=== Materials provided ===
-----

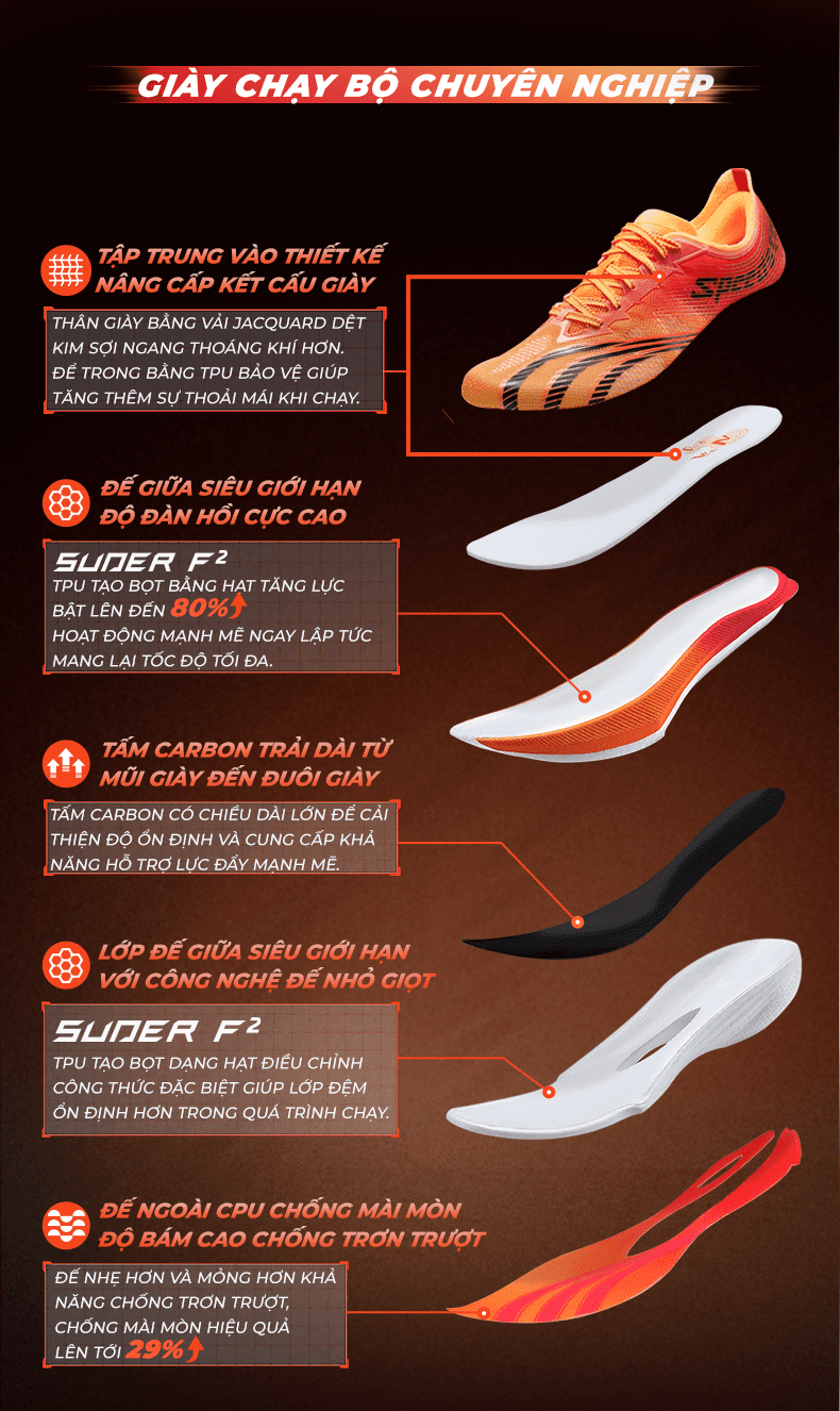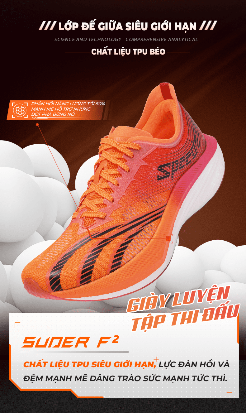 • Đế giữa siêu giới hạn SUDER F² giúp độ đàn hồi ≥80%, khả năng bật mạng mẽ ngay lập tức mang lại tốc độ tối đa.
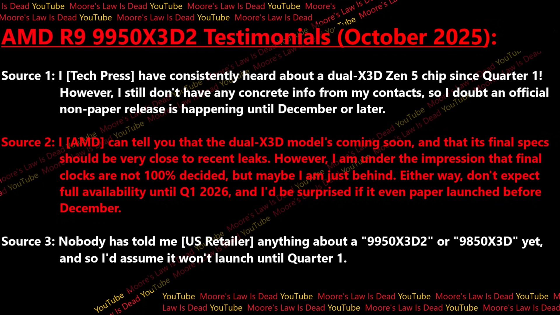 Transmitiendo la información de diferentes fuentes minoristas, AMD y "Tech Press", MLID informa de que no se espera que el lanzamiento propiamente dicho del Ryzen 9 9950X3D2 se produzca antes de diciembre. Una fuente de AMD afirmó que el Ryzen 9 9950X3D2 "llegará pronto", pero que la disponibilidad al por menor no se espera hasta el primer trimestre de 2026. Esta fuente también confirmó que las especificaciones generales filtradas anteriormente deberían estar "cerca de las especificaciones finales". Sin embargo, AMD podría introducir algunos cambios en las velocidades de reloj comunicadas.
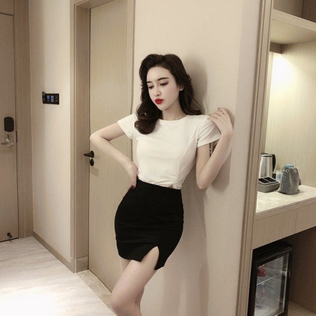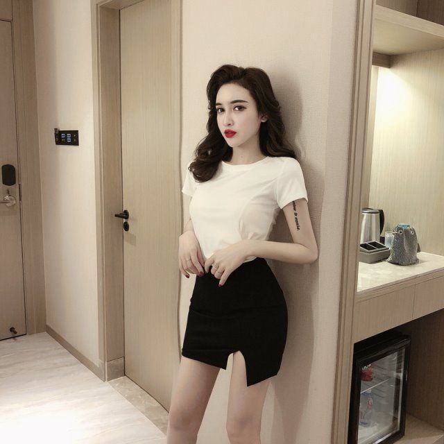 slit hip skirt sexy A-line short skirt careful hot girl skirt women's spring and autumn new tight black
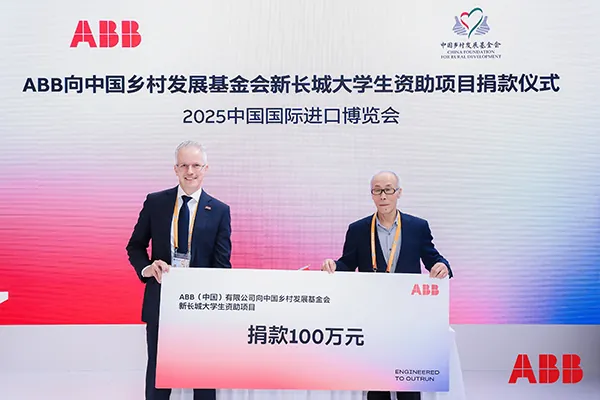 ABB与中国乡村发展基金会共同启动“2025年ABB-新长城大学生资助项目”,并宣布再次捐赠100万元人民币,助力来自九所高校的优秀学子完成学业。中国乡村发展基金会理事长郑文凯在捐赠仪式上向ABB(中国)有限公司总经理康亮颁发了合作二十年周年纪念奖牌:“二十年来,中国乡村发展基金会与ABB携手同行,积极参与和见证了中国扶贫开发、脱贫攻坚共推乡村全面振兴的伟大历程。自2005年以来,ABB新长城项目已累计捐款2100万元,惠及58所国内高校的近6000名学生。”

-----

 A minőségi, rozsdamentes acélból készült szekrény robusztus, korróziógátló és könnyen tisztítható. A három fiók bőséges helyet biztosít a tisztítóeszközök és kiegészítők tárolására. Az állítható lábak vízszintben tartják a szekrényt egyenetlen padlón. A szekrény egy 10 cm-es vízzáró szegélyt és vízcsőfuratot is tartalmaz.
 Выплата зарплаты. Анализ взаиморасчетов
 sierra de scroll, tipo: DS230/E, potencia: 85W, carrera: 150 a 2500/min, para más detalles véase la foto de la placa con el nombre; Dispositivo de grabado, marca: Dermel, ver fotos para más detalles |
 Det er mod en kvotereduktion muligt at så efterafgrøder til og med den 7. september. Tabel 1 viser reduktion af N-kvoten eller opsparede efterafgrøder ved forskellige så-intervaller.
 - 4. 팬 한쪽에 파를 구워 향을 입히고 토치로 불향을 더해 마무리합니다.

-----

=== Your objective ===
Looking at the data above, return every line from the one with "Det er mod en" down to the one with "- 4. 팬 한쪽에 파를 구워 향을 입히고 토치로 불향을 더해 마무리합니다.", exactly and inclusively.

=== Output for this exercise ===
 Det er mod en kvotereduktion muligt at så efterafgrøder til og med den 7. september. Tabel 1 viser reduktion af N-kvoten eller opsparede efterafgrøder ved forskellige så-intervaller.
 - 4. 팬 한쪽에 파를 구워 향을 입히고 토치로 불향을 더해 마무리합니다.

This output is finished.